For Gaussian Kernel and small sigmas, e.g. sigma=0.2, we can have 2D kernel size [1,1] or 3d kernel size [1,1,1], which leads to padding values of 0, see Line 127ff

    pad_h = (gauss_kernel_size[0] - 1) // 2
    pad_w = (gauss_kernel_size[1] - 1) // 2

This on the other hand leads to degenerate tensors in Line 166 ff

    if is_3d:
        ssim_idx = ssim_idx_full_image[..., pad_h:-pad_h, pad_w:-pad_w, pad_d:-pad_d]
    else:
        ssim_idx = ssim_idx_full_image[..., pad_h:-pad_h, pad_w:-pad_w]

due to empty slicing (0:-0) and finally to NaN values in the return statement

    return ssim_idx.reshape(ssim_idx.shape[0], -1).mean(-1)

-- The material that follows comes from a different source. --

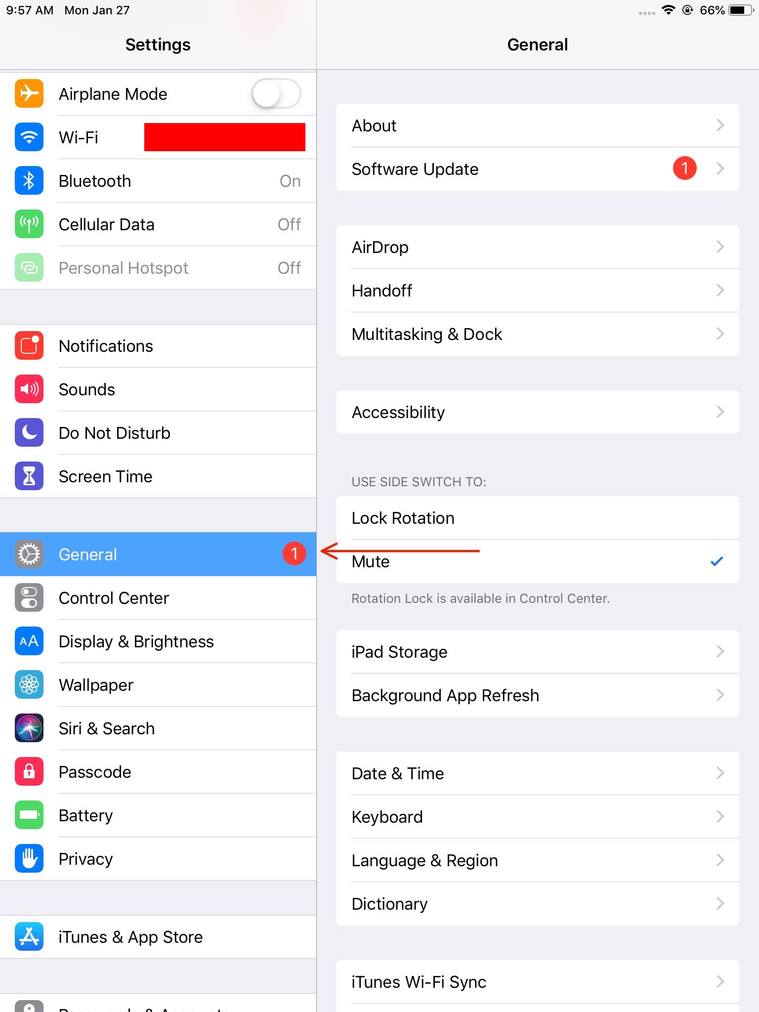 In the event that there is no Wi-Fi Symbol anywhere on the top of the menu, you would need to exit out of the menu using your administrative code. Once out of the menu, swiping from right to left should bring the next page, on that page should be a folder and in that folder is the settings of the menu itself. When you click on settings you should be greeted with the settings page split in to two parts, the left part and the right part. By default after opening the settings app, on the left General should be selected, if not please select General.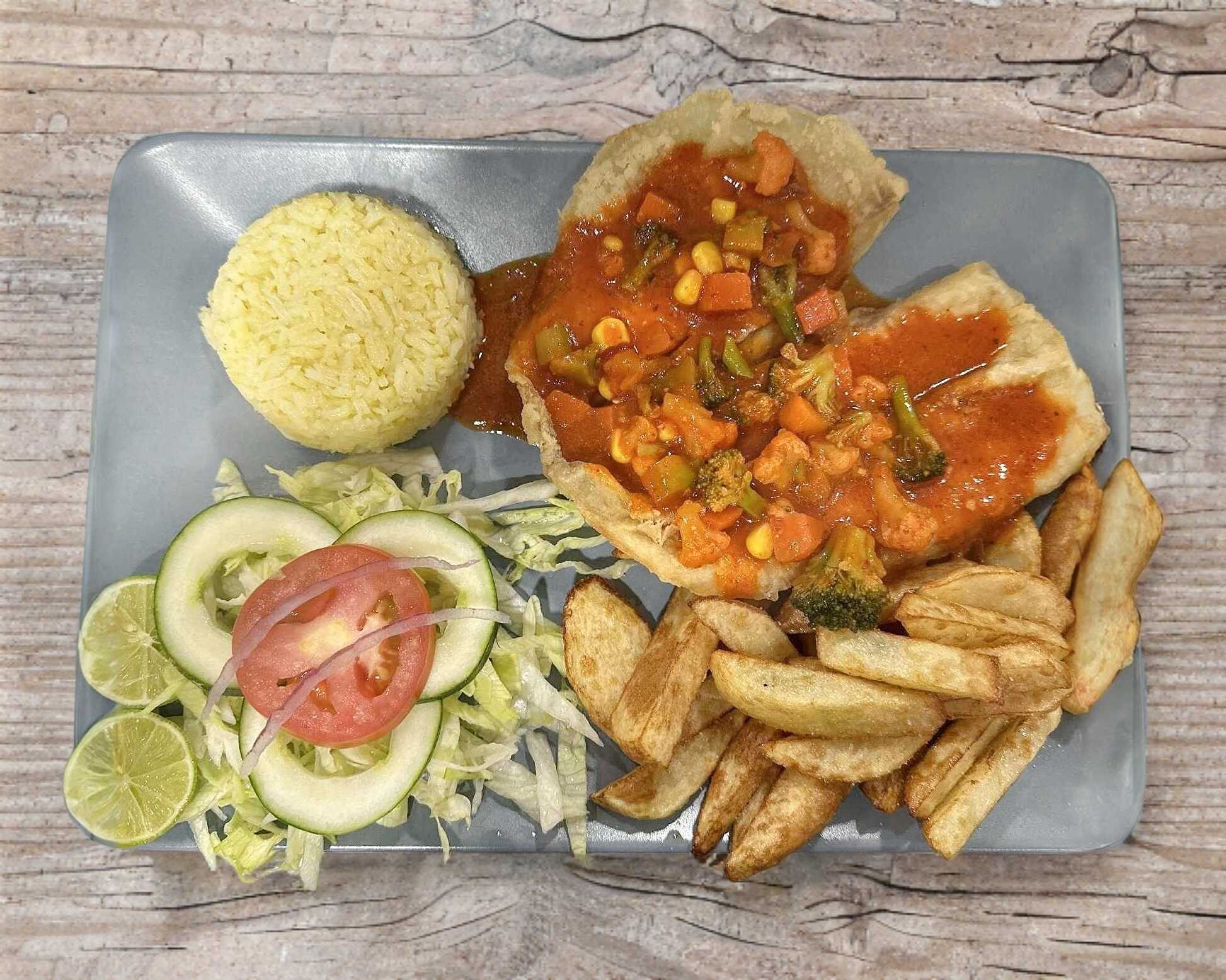 Arroz,papas, ensalada,pan

A simple solution for this would be avoiding the negative indexing , e.g. modifying the respective line in the following manner

        s = ssim_idx_full_image.shape
        ssim_idx = ssim_idx_full_image[..., pad_h:s[-3]-pad_h, pad_w:s[-2]-pad_w, pad_d:s[-1]-pad_d]

Similarly for large sigmas (i.e. large kernels) the removal of padding as implemented in Line 166ff can lead in the aforementioned setting to NaN values. A sufficient condition that it works would be for example

assert 2* pad_h < target.shape[2]
assert 2* pad_w < target.shape[3]
assert 2* pad_d < target.shape[4]

This is due to the fact that the valid convolution in Line 149 eats up the padding and afterwards a margin of size padding is again removed in Line 166 ff. Is this the intended behaviour ? In first oder, this appreas to be a complicated variant of directly applying a valid convolution to the unpadded tensor.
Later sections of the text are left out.